◆ **Problem**
Using the entries that follow, transcribe only the lines from the line with "Blesky mezi 27.5.2018" to the line with "ワシントン大学の研究チームが作ったウェブサイト「どっちの顔が本物?」", both included, exactly as they stand and without pictures.

┌─ Source information

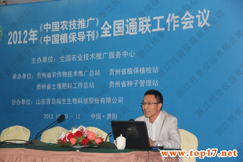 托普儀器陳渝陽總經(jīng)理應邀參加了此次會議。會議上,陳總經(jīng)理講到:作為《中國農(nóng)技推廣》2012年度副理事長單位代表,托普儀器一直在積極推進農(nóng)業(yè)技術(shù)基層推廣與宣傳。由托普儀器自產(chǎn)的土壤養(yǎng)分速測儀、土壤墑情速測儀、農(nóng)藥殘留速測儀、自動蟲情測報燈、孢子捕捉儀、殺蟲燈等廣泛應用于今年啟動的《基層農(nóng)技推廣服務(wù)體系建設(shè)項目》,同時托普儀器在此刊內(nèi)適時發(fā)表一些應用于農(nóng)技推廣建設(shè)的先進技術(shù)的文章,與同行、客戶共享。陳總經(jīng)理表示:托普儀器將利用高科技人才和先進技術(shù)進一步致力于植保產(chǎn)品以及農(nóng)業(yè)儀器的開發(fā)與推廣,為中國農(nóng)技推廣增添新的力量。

└─
┌─ Source information

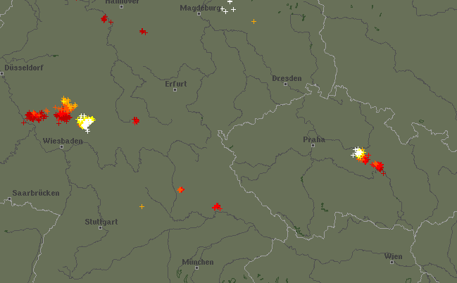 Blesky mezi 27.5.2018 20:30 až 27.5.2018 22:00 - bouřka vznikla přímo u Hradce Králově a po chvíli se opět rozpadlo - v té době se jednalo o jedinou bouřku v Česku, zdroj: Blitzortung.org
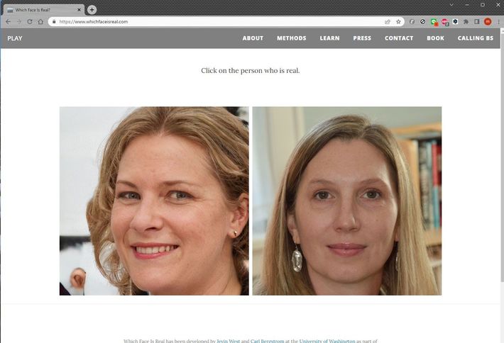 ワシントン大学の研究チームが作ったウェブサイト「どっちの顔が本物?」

└─

◆ **Solution to this task**
 Blesky mezi 27.5.2018 20:30 až 27.5.2018 22:00 - bouřka vznikla přímo u Hradce Králově a po chvíli se opět rozpadlo - v té době se jednalo o jedinou bouřku v Česku, zdroj: Blitzortung.org
 ワシントン大学の研究チームが作ったウェブサイト「どっちの顔が本物?」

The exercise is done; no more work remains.